Às vezes, quando evitamos um assunto, tudo à nossa volta parece se tornar sobre ele. O silêncio não o apaga, apenas o reveste de camadas invisíveis que se espalham pelos gestos, pelos olhares e até pelas distrações mais banais. De repente, uma palavra solta parece carregar mais peso do que deveria, uma brincadeira inocente soa reveladora e até os algoritmos, com sua estranha precisão, parecem revelar aquilo que insistimos em não nomear. Quanto mais tentamos empurrar para longe, mais ele encontra formas sutis de nos alcançar, até que não resta alternativa senão encarar o que foi calado.
Como Milena ainda estava na casa do pai, inventávamos de tudo para tornar as chamadas de vídeo mais divertidas. Naquele dia, ela apareceu com uma novidade do TikTok: a brincadeira “Com quantos anos poderemos?”. As perguntas começaram inocentes: sair sozinho, colocar piercing, fazer tatuagem, mas logo se transformaram em armadilhas, já que tanto Mih quanto Kaká tinham seus próprios interesses. Juh tentava responder com equilíbrio, eu implicava de propósito, e os dois iam se animando cada vez mais, especialmente quando o assunto chegou em tatuagens. Foi então que Mih revelou sua ideia: tatuar as letras J, K, L, M² e também o apelido que ela chama o pai. Só então percebi que, sem querer, nossos nomes seguiam uma sequência alfabética.
— Se tiver outro bebê, precisa começar com I ou com N — comentou Kaique.
— Se fugir da ordem vai me dar tanta agonia — disse Mih.
— Nossa, vocês falam com uma convicção... — falei, rindo um pouco sem graça.
Eu queria mesmo era mudar de assunto.
Juh estava recostada sobre o meu corpo e só olhou para mim, e eu depositei um beijo em sua testa.
— Tem outra brincadeira? — a gatinha perguntou.
— Vixe, terminou sem a pergunta que eu sei que Mih quer fazer — soltou Kaique.
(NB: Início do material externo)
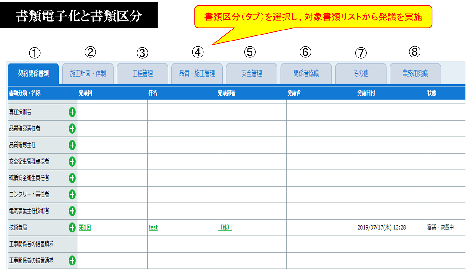 Hi-TeLusの書類の電子化と書類区分/申請画面イメージ
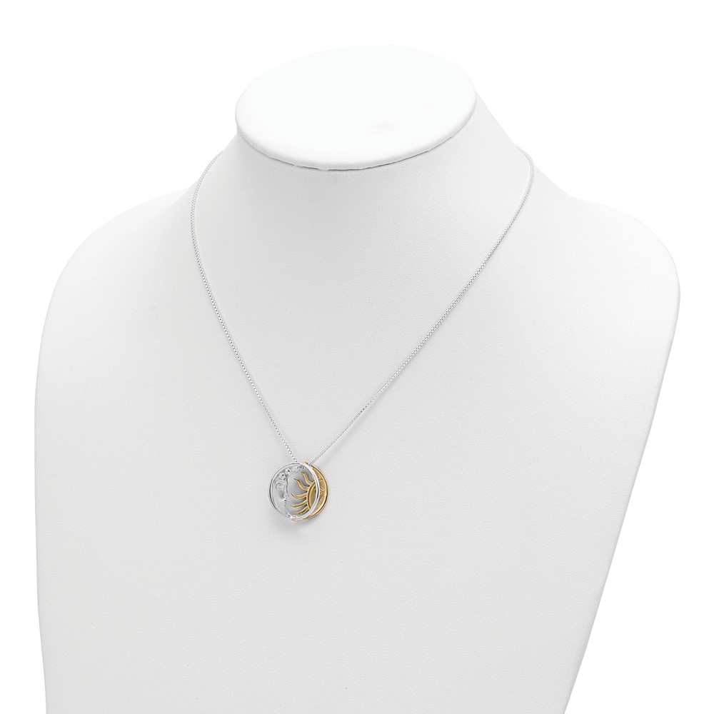 Sterling Silver & Gold-tone Polished Sun & Moon Necklace
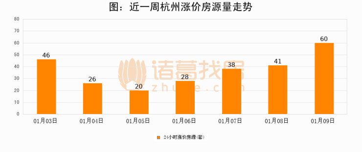 根据诸葛找房数据显示,杭州24小时涨价房源量为60套,较01月08日增加19套,环比上涨46.3%。与此同时,涨价房源占比小幅扩大,业主信心有所提升。
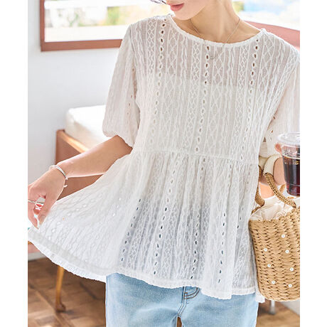 繊細なカットレースが目を惹く、涼しげで華やかなフレアトップス。
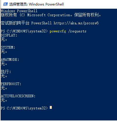 3. 若關(guān)閉了所有羅列的特殊電源請求的程序后,可以再運(yùn)行一次命令。如果還有羅列程序,重復(fù)上一步操作,繼續(xù)關(guān)閉所有影響的程序;如果顯示為下圖,沒有影響的程序,那么可以直接關(guān)閉Windows PowerShell窗口,重新嘗試鎖屏看看屏幕是否能在離開一定時間后正常息屏。

— Que pergunta? — questionei, curiosa.
— Nenhuma, não tem mais nenhuma! — Milena exclamou, um pouco enfurecida.
— Aaaaah, agora eu quero saber — comentei.
E nesse momento Júlia riu.
— Sabe o que é? — perguntei para ela.
— Ah, amor, eu imagino, não é?! — Juh respondeu, como se fosse óbvio.
Kaká também ria da situação, somente Milena e eu seguíamos sem nos divertir.
— Você quer saber com quantos anos pode namorar, minha filha? — Júlia perguntou, tentando ser o mais natural possível.
— Trinta e vamos para a próxima brincadeira — respondi, rindo.
— Eu não queria perguntar nada disso... — Mih falou, bem chateada.
— Não... — ironizou Kaique.
— Bora brincar de outra coisa — Juh falou, com mais firmeza.
Milena sugeriu tentar adivinhar o que aparecia de destaque no explorar do Instagram de cada um, e nesse momento Juh tentou desconversar, o que só aumentou a nossa curiosidade em saber o que tinha no dela. Eu entrei na onda, zoando que ela devia estar escondendo algo de mim, e a gatinha me desafiou, dizendo que começaria tentando adivinhar o meu.
— Acho que tem Flamengo e coisas de psiquiatria — ela chutou.
Eu fiz suspense para deixar mais interessante, porém nem eu fazia ideia do que tinha. Não é uma aba que eu abro muito.
— Se a mamãe fosse famosa teria uma foto dela, porque seu Instagram parece um fã-clube, mãe — Mih brincou, e nós rimos muito.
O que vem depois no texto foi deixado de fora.